[Opening GIVEN INFORMATION section]

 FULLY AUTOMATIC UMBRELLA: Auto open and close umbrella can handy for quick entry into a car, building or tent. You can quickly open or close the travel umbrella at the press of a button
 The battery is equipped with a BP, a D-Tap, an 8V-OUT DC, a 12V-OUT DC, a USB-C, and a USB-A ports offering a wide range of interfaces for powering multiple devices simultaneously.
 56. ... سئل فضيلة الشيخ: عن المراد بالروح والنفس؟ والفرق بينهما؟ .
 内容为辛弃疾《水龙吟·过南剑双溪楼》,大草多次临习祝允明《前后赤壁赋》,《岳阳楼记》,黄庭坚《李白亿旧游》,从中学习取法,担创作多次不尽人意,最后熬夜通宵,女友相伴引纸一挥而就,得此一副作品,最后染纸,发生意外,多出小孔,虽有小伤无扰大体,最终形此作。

[Closing GIVEN INFORMATION section]
[Opening GIVEN INFORMATION section]

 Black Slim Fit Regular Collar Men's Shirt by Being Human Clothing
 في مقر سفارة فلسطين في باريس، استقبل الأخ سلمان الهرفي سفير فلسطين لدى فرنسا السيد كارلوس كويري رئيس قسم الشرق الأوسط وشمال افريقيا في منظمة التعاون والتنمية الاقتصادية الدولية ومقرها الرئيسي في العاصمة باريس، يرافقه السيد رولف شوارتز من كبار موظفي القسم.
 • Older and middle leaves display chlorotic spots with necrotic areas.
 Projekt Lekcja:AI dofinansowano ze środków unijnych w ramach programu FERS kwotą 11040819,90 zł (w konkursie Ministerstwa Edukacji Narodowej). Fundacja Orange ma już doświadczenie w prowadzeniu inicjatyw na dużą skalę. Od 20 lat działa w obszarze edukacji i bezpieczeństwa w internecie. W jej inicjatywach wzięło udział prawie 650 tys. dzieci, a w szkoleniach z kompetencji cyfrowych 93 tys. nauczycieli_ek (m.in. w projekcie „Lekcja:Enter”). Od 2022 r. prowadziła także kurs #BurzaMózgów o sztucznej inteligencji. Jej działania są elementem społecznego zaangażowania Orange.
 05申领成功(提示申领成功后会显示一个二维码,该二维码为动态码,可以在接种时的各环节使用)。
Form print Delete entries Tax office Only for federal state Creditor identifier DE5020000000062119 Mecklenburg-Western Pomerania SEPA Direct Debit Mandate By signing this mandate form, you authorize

[Closing GIVEN INFORMATION section]

WORK REQUIRED: Using the entries above, repeat only the lines from the one containing "Projekt Lekcja:AI dofinansowano" through the one containing "05申领成功(提示申领成功后", end lines included.

ANSWER TO THIS EXERCISE:
 Projekt Lekcja:AI dofinansowano ze środków unijnych w ramach programu FERS kwotą 11040819,90 zł (w konkursie Ministerstwa Edukacji Narodowej). Fundacja Orange ma już doświadczenie w prowadzeniu inicjatyw na dużą skalę. Od 20 lat działa w obszarze edukacji i bezpieczeństwa w internecie. W jej inicjatywach wzięło udział prawie 650 tys. dzieci, a w szkoleniach z kompetencji cyfrowych 93 tys. nauczycieli_ek (m.in. w projekcie „Lekcja:Enter”). Od 2022 r. prowadziła także kurs #BurzaMózgów o sztucznej inteligencji. Jej działania są elementem społecznego zaangażowania Orange.
 05申领成功(提示申领成功后会显示一个二维码,该二维码为动态码,可以在接种时的各环节使用)。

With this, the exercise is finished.